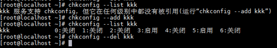 chkconfig –del kkk是将kkk移除chkconfig管理。
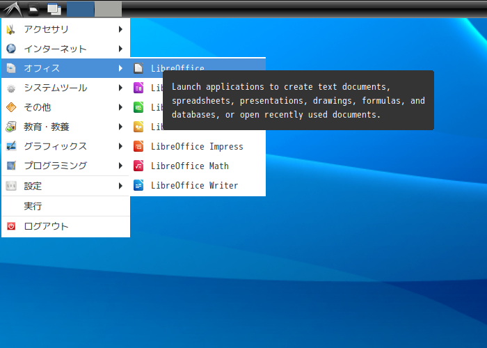 1. 概要 オフィススイートとして、「LibreOffice」を使用します。 2. インストール 「OctoPkg」で、「ja-libreoffice」を検索して、インストールします。 3. 起動 「スタート」→「オフィス」→「LibreOffice Start Center」
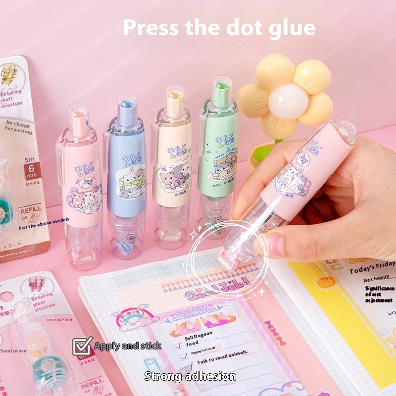 Press-to-dispense Glue Correction Tape Pen-shaped Double-sided Adhesive With Replaceable Core For Children's Handmade Notebooks With High-value Products
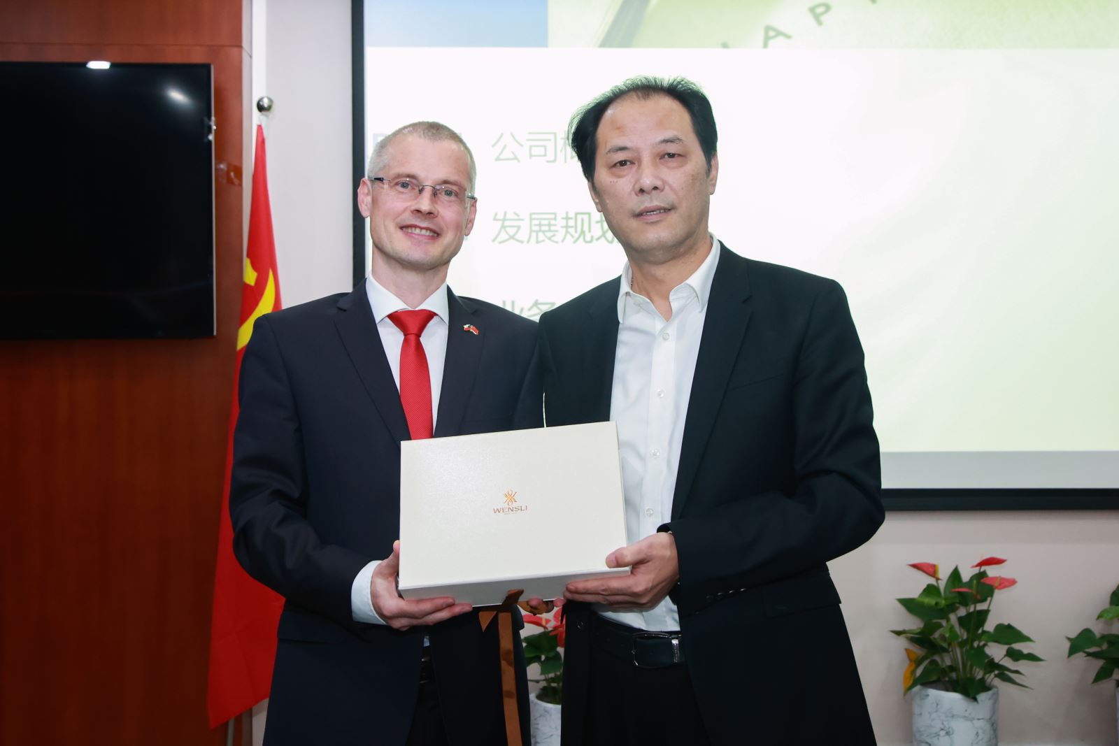 孫建華董事長(zhǎng)首先對(duì)佟福德大使一行的來訪表示熱烈歡迎,并介紹了國(guó)貿(mào)集團(tuán)和浙商資產(chǎn)的發(fā)展情況。他指出,國(guó)貿(mào)集團(tuán)與捷克企業(yè)的貿(mào)易合作由來已久,未來進(jìn)一步合作的空間廣泛。省政府對(duì)于浙商資產(chǎn)與捷信消金的合作高度重視,浙商資產(chǎn)將根據(jù)監(jiān)管要求,在依法、合規(guī)、專業(yè)且符合商業(yè)邏輯的原則下,全力以赴推進(jìn)與捷信消金的合作。

▶ WORK TO COMPLETE:
Leaving out the pictures, restate each line of the listing above verbatim, from the opening line to the line bearing "1. 概要 オフィススイートとして、「LibreOffice」を使用します。", inclusive, and no more.

▶ TASK ANSWER:
 chkconfig –del kkk是将kkk移除chkconfig管理。
 1. 概要 オフィススイートとして、「LibreOffice」を使用します。 2. インストール 「OctoPkg」で、「ja-libreoffice」を検索して、インストールします。 3. 起動 「スタート」→「オフィス」→「LibreOffice Start Center」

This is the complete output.